Clinical trial identification
NCT04047862.
Editorial acknowledgement
Medical writing support, under the direction of the authors, was provided by Victoria Dagwell, MSc, and Helena Crisford, MSc, of Ashfield MedComms, an Ashfield Health company, and was funded by BeiGene, Ltd.
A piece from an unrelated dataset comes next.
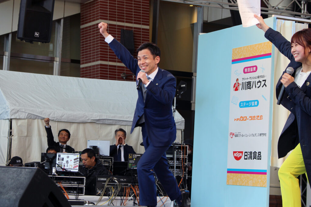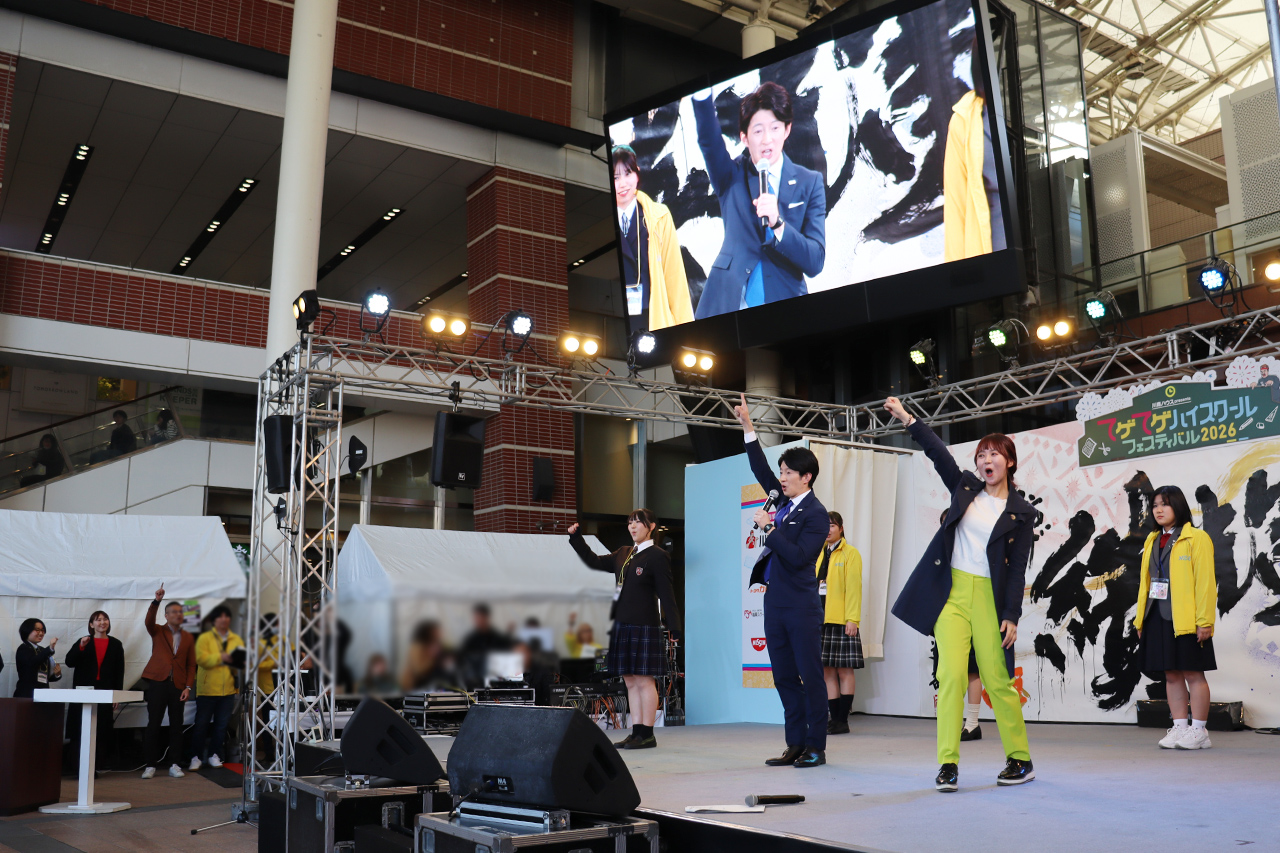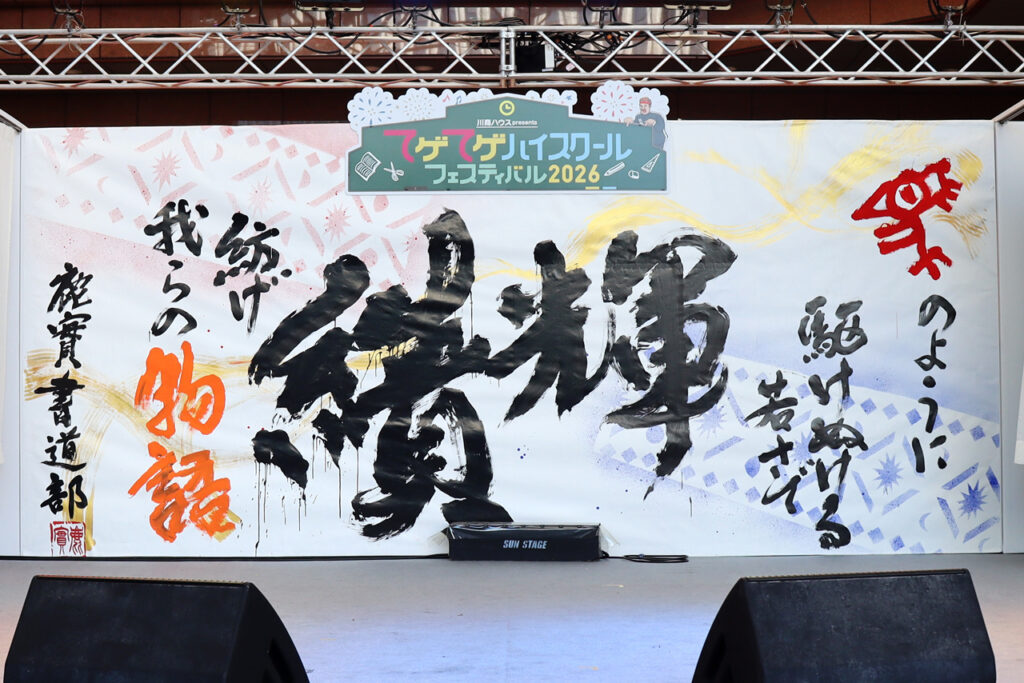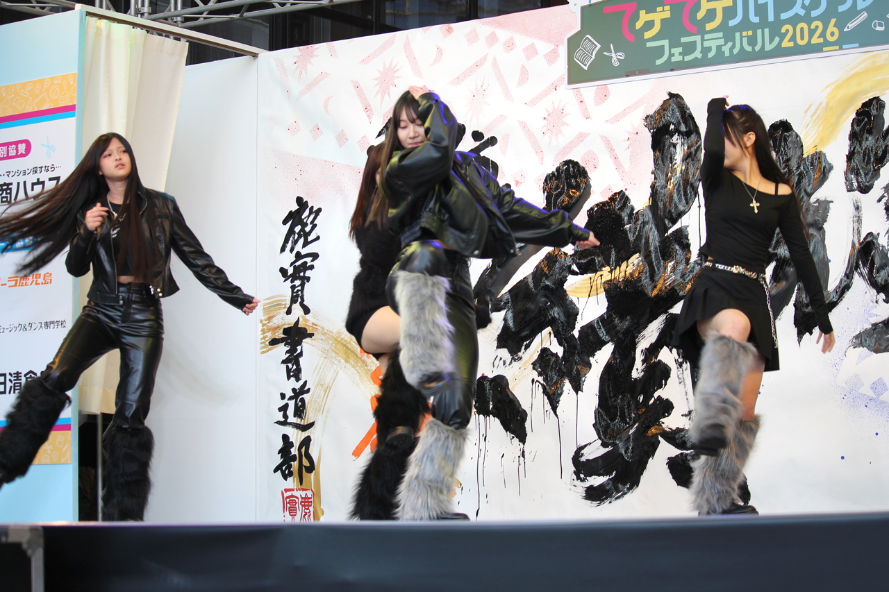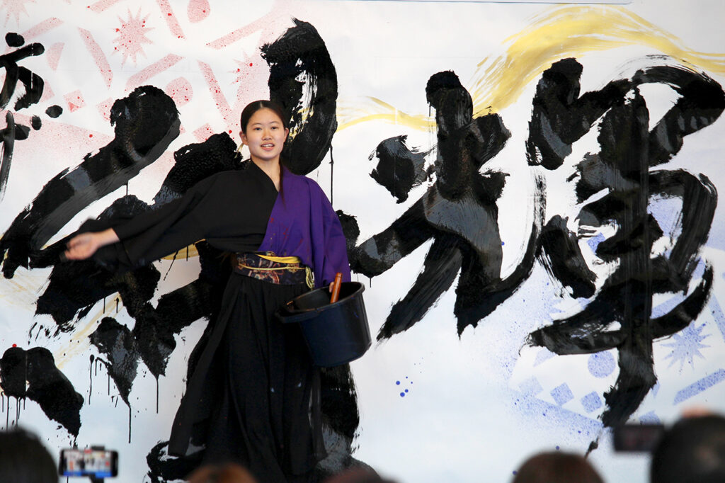 鹿児島実業高校の書道パフォーマンスからスタート!

Legal entity responsible for the study
BeiGene, Ltd.
Funding
BeiGene, Ltd.
Disclosure
S. Kao: Financial Interests, Invited Speaker: Roche, MSD, BMS, Pfizer, AZ, Specialised Therapeutic; Financial Interests, Advisory Board: Takeda, Pfizer, Roche, Boehringer, Lilly, MSD, Specialised Therapeutics; Financial Interests, Research Grant: AZ. W. Xu: Financial Interests, Invited Speaker: Merck, MSD, AZD; Financial Interests, Advisory Board: MSD, Merck, Novartis; Financial Interests, Research Grant: Merck. J. Kim: Financial Interests, Expert Testimony: CJ Healthcare; Financial Interests, Member of the Board of Directors: IMBdx; Financial Interests, Research Grant: AstraZeneca, Boehringer Ingelheim, Sanofi, Lilly, CJ Healthcare, Ono Pharmaceutical, Pfizer, Novotech, Astellas Pharma, Merck, Alpha Biopharma, Yuhan, MSD, IL-Yang Pharm; Financial Interests, Advisory Role: CJ HealthcareAbion Inc. R. Wang: Financial Interests, Full or part-time Employment: BeiGene, Ltd. H. Zheng: Financial Interests, Full or part-time Employment: BeiGene USA; Financial Interests, Stocks/Shares: BeiGene USA. W. Tan: Financial Interests, Full or part-time Employment: BeiGene, Ltd.; Financial Interests, Stocks/Shares: BeiGene, Ltd. R. Gao: Financial Interests, Full or part-time Employment: BeiGene, Ltd. S. Lu: Financial Interests, Invited Speaker: AstraZeneca, Roche, Hansoh; Financial Interests, Advisory Board: AstraZeneca, Pfizer, Hutchison MediPharma, ZaiLab, GenomiCare, Yuhan Corporation, Menarini, InventisBio Co. Ltd., Mirati Therapeutics Inc, Roche; Financial Interests, Research Grant: AstraZeneca, Hutchison, BMS, Heng Rui BeiGene and Roche, Hansoh; Financial Interests, Principal Investigator: AstraZeneca, Hutchison, Heng Rui BeiGene and Roche, Hansoh. All other authors have declared no conflicts of interest.